Human and artificial intelligence performance in radiographic caries detection: ex vivo tooth section-referenced evaluation and implications for clinical decision-making.
Journal:
Journal of dentistry
Published Date:
Feb 28, 2026
Abstract
OBJECTIVES: To evaluate the caries detection performance of a commercially available AI-system (Nostic) and human raters for radiographic caries detection using tooth sections as reference. METHODS: Radiographs and corresponding tooth sections from extracted teeth (548 approximal and 91 cervical sites) were assessed by three dentists and AI-system (graded/probabilistic outputs). Performance versus reference was quantified using ROC/PR analyses, calibration metrics, and threshold-based measures with bootstrapped confidence intervals.
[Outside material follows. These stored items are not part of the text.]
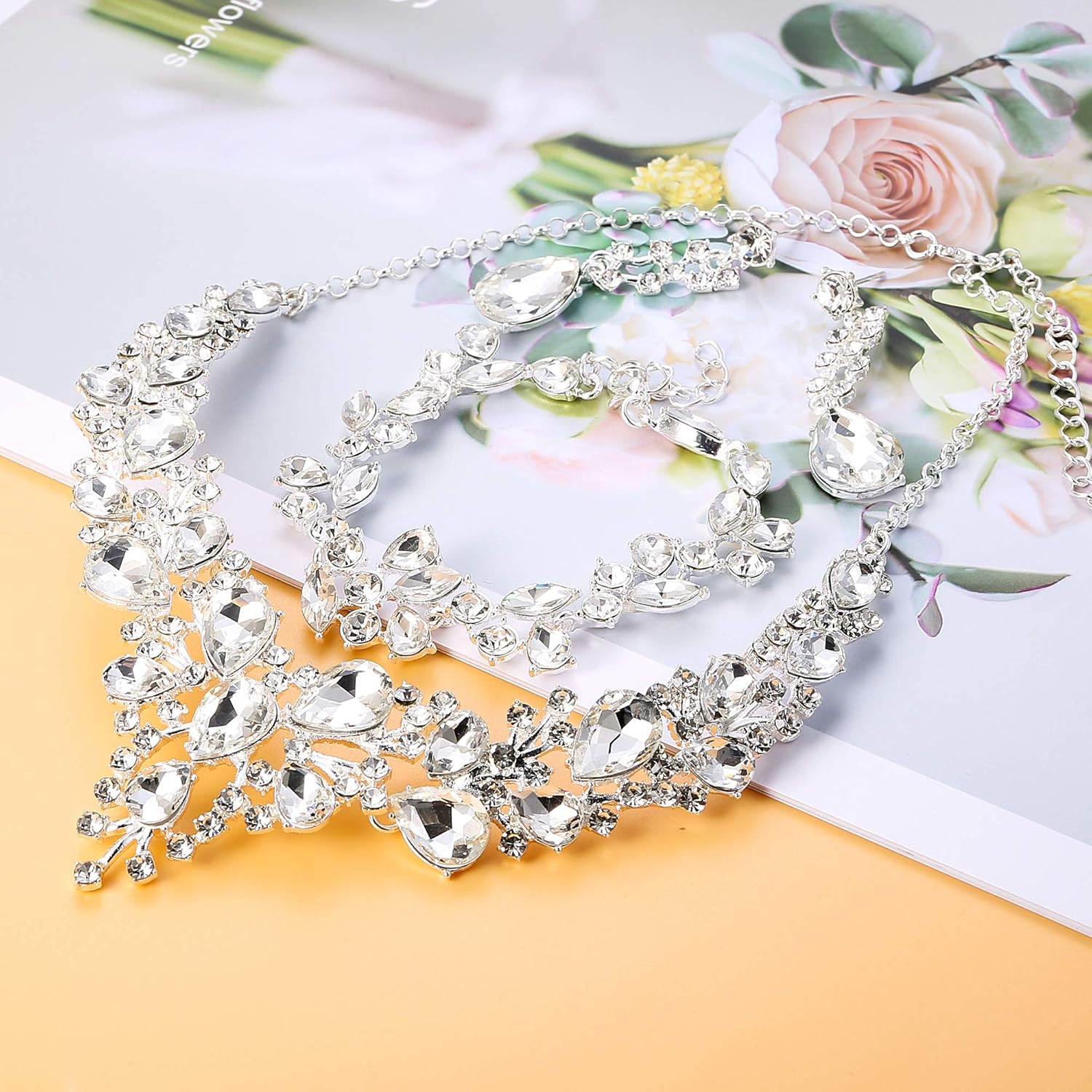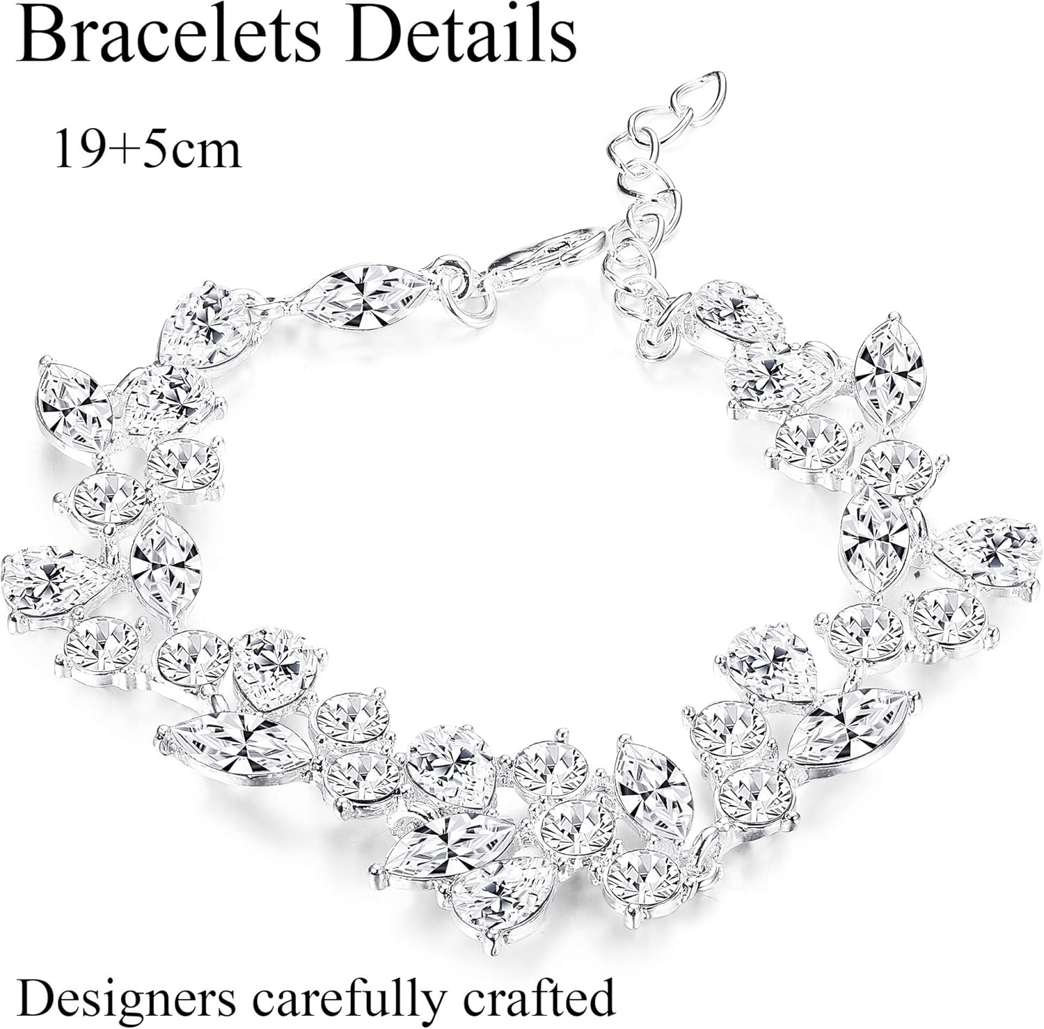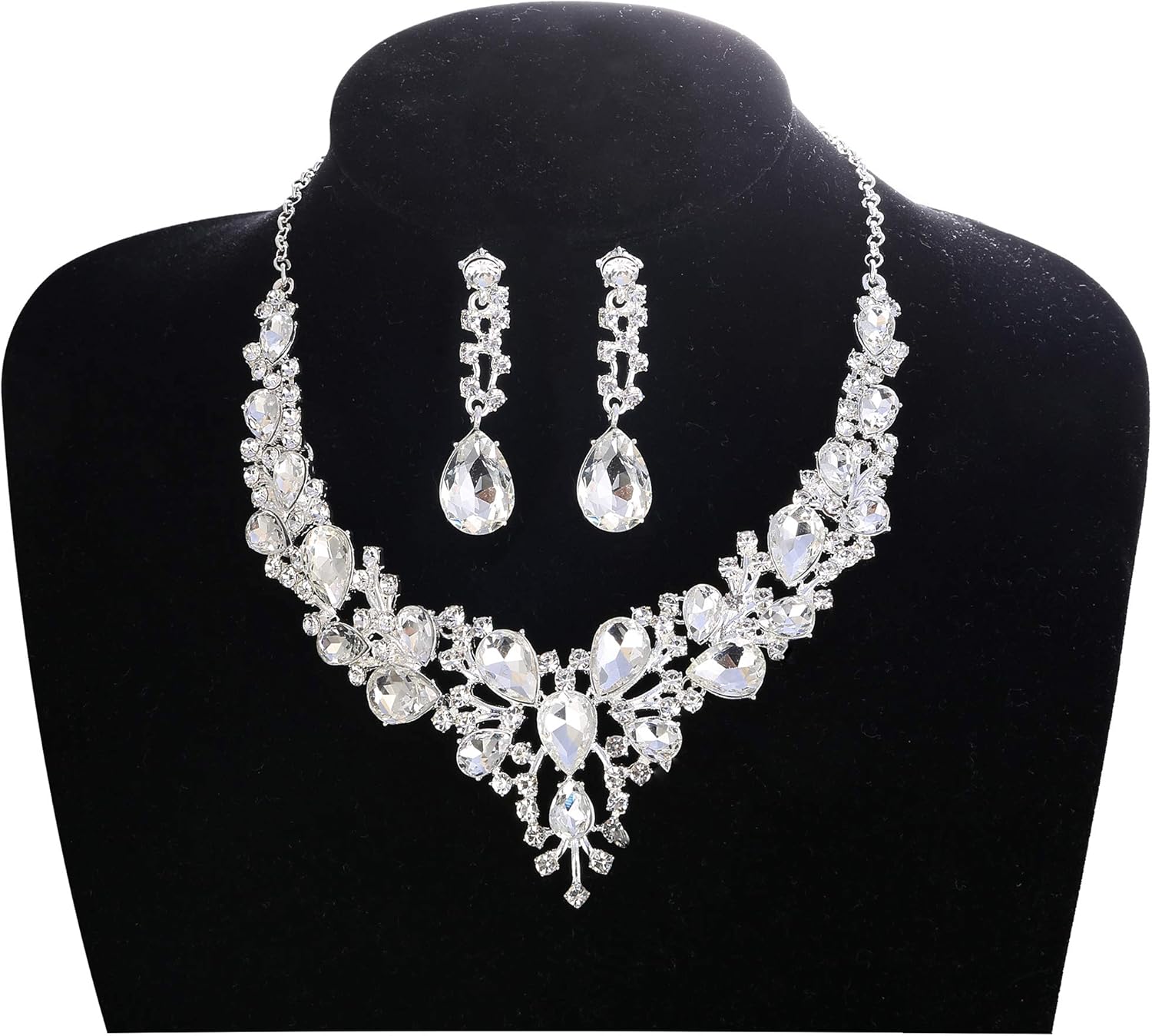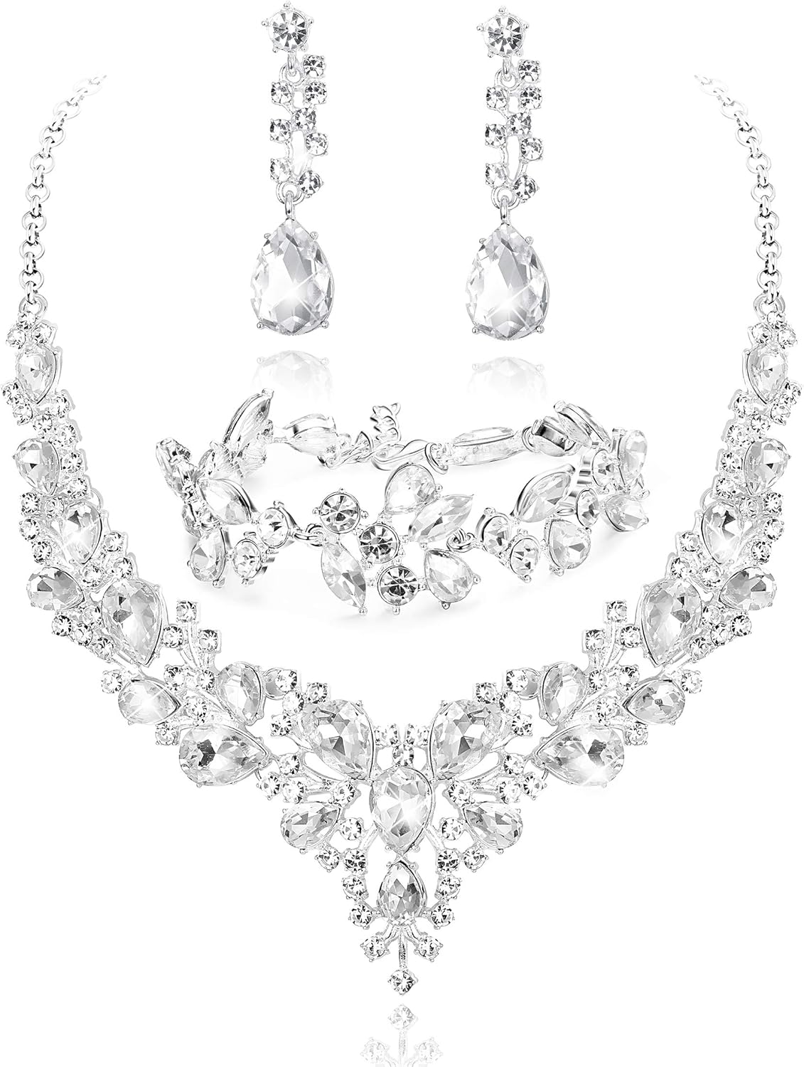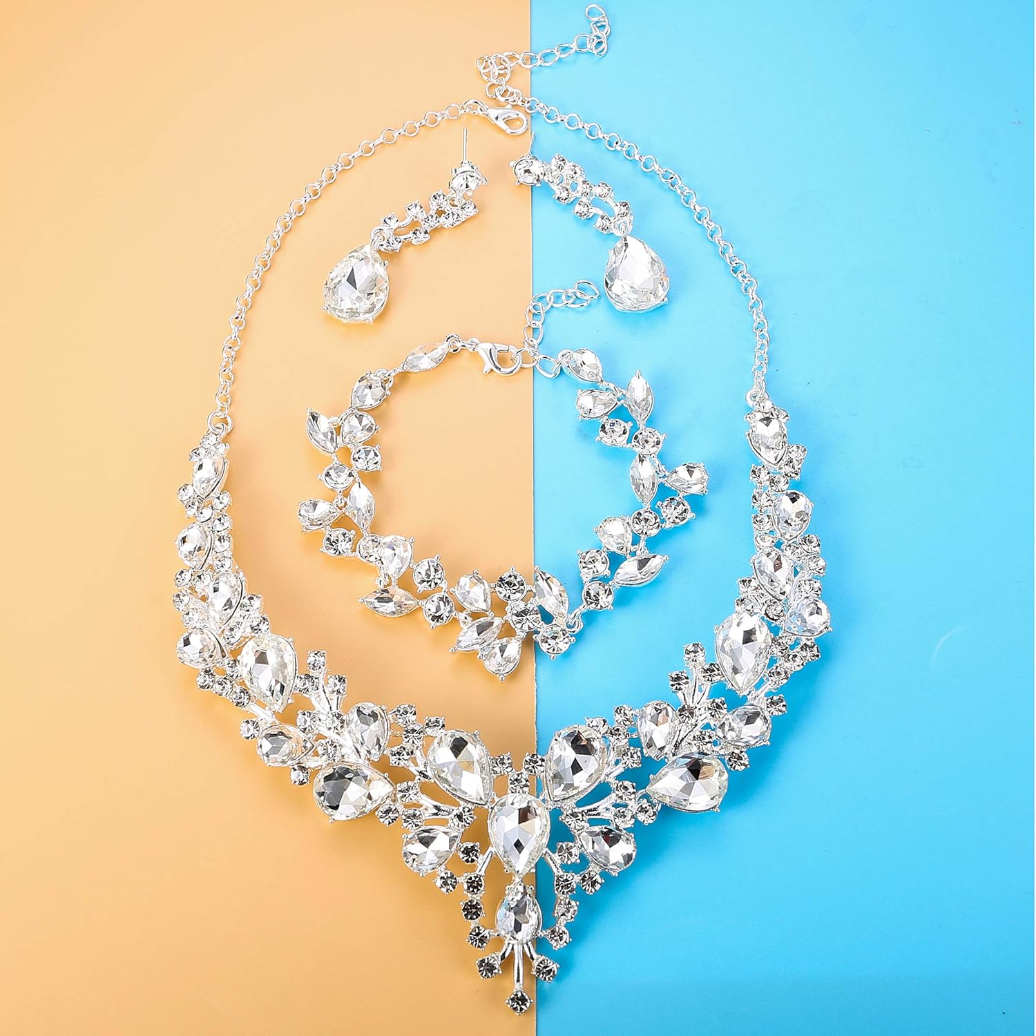 • RHINESTONE JEWELRY SIZE: Crystal Necklace Adjustable Chain Length 39cm (15.35’’)to 45cm (17.72’’), Bridal Drop Earrings Length: 5cm(2’’). Teardrop Bracelet Length: 19cm(7.4’’), With 5cm (1.97’’) Extension Chain, Easy To Adjust, No Worry About Size Problem.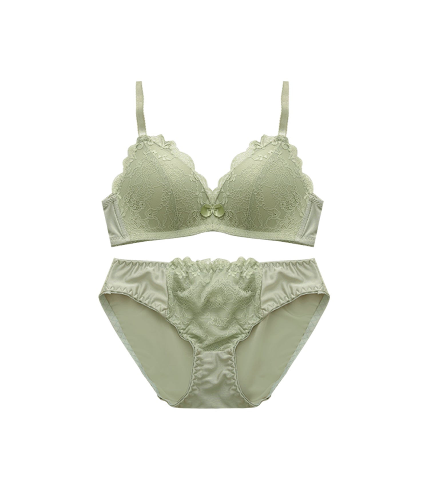 Light Weighted Deep V Lace Wireless Bra Set Green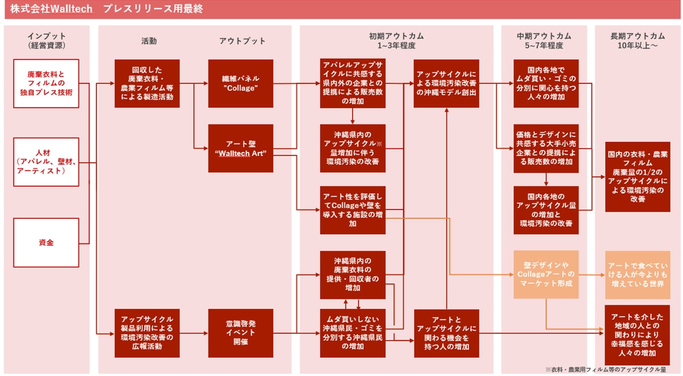 WALLTECHは、本出資と沖縄公庫による融資の協調支援(計2,800万円)で調達した資金をもとに、沖縄県内で廃棄されている衣料品および農業用フィルムを活用した繊維パネルの製造・販売事業を推進し、県外でも展開可能性のあるアップサイクルモデルを沖縄から創造することを目指します。

Rater-AI-system agreement/disagreement subsets were analysed. For early dentine lesions (D3), four decision approaches (rater-only, AI-system-only, rater-OR-AI-system, rater-AND-AI-system) were compared using a weighted clinical-loss analysis across varying false-positive penalties. RESULTS: For approximal enamel lesions (D1/2), AI-system was more sensitive than raters (0.60 vs 0.42) with slightly lower specificity (0.80 vs 0.84) and modest discrimination (AUC 0.70 vs 0.64). For approximal dentine lesions (D3/4), discrimination was high (AUC 0.90 AI-system vs 0.86 rater); The AI-system was more sensitive (0.84 vs 0.72) while raters were more specific (0.88 vs 0.94). For cervical dentine lesions (D3/4), both performed well (AI-system: Se/Sp 0.92/0.84; rater: 0.97/0.77; AUC 0.91 vs 0.87). In D3 decision strategies, rater-only prioritised specificity (Se/Sp 0.60/0.85), AI-system-only prioritised sensitivity (0.75/0.77), OR reduced false negatives (0.84/0.73), AND reduced false positives (0.51/0.89), with AND yielding the lowest clinical loss at higher false-positive penalties. CONCLUSIONS: The AI-system provides complementary information that becomes clinically relevant when integrated into structured human-AI-system decision rules. Context-dependent use may support minimally invasive caries management. CLINICAL SIGNIFICANCE: Combining human assessment with AI-system may improve preventive and operative decision-making by balancing false negatives and false positives.